隣りの主人を見るとぐっすり眠っており、主人ではないとベッドで上半身を起こし周りを確認するように見回すと、
私は足を引っ張られるので、右側から左側に場所を主人と交換してもらったはずです。
なのに、私は右側にいたのです。
しかも足を撫でられ目を開けた瞬間、 おじさんがよく使うような甘い頭髪料の匂いが部屋に漂っていたのです。

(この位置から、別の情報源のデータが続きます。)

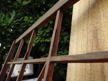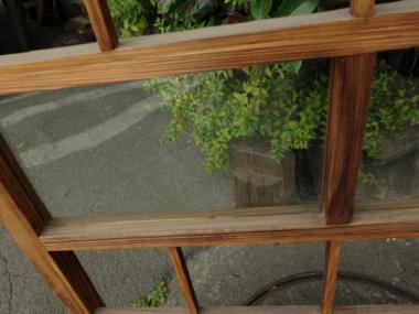 わけあり品。桟に割れている箇所があるため。ガラスは透明のヨレガラスが使われており、あじわいがあります。

まるで今 ここに自分の目の前におじさんがいるような。
姿は見えませんが、雰囲気としている感じなのです。
時間は朝の5時位だったと思いますが、いよいよ限界を迎え、主人を起こし 「帰ろう!!」と
宿泊代6千円を払う場所が、お風呂場の扉の左側に小さい扉があるのですが、
そこに手が入るような穴があって、そこに帰るときお金を置くと玄関が開くと書いてました。

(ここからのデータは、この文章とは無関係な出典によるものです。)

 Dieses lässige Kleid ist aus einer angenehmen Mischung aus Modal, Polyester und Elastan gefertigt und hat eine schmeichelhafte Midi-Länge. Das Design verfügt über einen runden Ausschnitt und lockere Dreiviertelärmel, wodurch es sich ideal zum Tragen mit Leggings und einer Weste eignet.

思えば、ここにくる前も今も電話もなく誰が管理しているのかという疑問がわきましたが、
もう帰れる嬉しさに6千円を置いて、私は一瞬 、一瞬だけ置いたお金から目を離したのです。
でも何かが小さな穴から出てきて、
それが真っ青過ぎる白い手なのか、 白い手袋なのかが分からないくらい 異様な物でした。
だって どちらにしてもおかしいですよね?
私達は電話もないから帰りますも言えないし、フロントもないので連絡手段がないのに自分たちの都合で帰るのに、お金置いたら即持っていけるなんて。
車は無事に車庫にあり、車庫から出て朝の明るい時間にそのホテルを見て私達は愕然としました。
部屋数は 5つか4つあるようですが、他の部屋の窓には全て木が打ち付けられており、自分たちの泊まった部屋だけカーテンがついていました。
周りは 雑草が茂って、絶対に管理されてないこと、下から見上げた時に、泊まった部屋のカーテンが揺れていたこと。

帰りは、着た山道を下って行くと道路沿いに小さな お仏像があちこちにありました。
私達はタクシーのおじさんの時から化かされたのか、ただ単に人気のないホテルに来てしまったのか、
謎だらけですが、皆様も田舎や知らない土地に行く時はしっかり計画をたてる事をおすすめします。
ちなみにですが そのホテルですが ◯ワン、という名前だったような気がしてGoogleで調べると有名な心霊スポットになってました。